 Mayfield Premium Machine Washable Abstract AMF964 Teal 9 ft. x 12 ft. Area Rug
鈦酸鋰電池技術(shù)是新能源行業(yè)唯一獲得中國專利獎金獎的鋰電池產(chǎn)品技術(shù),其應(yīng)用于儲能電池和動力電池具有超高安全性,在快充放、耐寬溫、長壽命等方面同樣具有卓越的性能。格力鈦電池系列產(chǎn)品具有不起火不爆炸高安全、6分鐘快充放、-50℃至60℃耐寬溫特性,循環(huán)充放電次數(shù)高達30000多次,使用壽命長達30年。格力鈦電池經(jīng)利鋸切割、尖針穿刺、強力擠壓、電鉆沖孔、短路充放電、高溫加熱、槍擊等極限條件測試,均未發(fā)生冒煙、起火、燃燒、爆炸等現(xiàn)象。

--

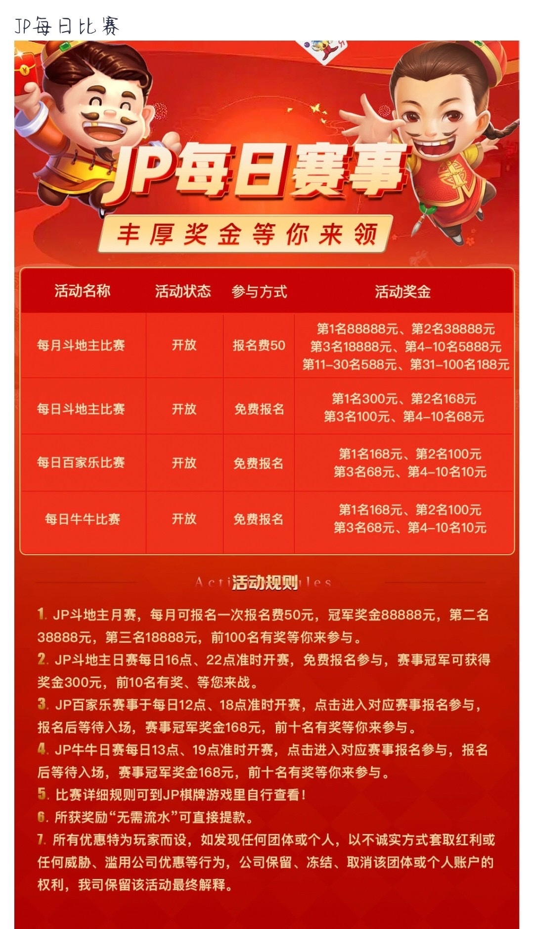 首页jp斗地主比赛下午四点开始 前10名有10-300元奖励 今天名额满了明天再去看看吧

What the task requires: In the listing above, the lines from the one containing "Mayfield Premium Machine" through the one containing "鈦酸鋰電池技術(shù)是新" must be set down exactly, with no other lines.

Solution to this problem:
 Mayfield Premium Machine Washable Abstract AMF964 Teal 9 ft. x 12 ft. Area Rug
鈦酸鋰電池技術(shù)是新能源行業(yè)唯一獲得中國專利獎金獎的鋰電池產(chǎn)品技術(shù),其應(yīng)用于儲能電池和動力電池具有超高安全性,在快充放、耐寬溫、長壽命等方面同樣具有卓越的性能。格力鈦電池系列產(chǎn)品具有不起火不爆炸高安全、6分鐘快充放、-50℃至60℃耐寬溫特性,循環(huán)充放電次數(shù)高達30000多次,使用壽命長達30年。格力鈦電池經(jīng)利鋸切割、尖針穿刺、強力擠壓、電鉆沖孔、短路充放電、高溫加熱、槍擊等極限條件測試,均未發(fā)生冒煙、起火、燃燒、爆炸等現(xiàn)象。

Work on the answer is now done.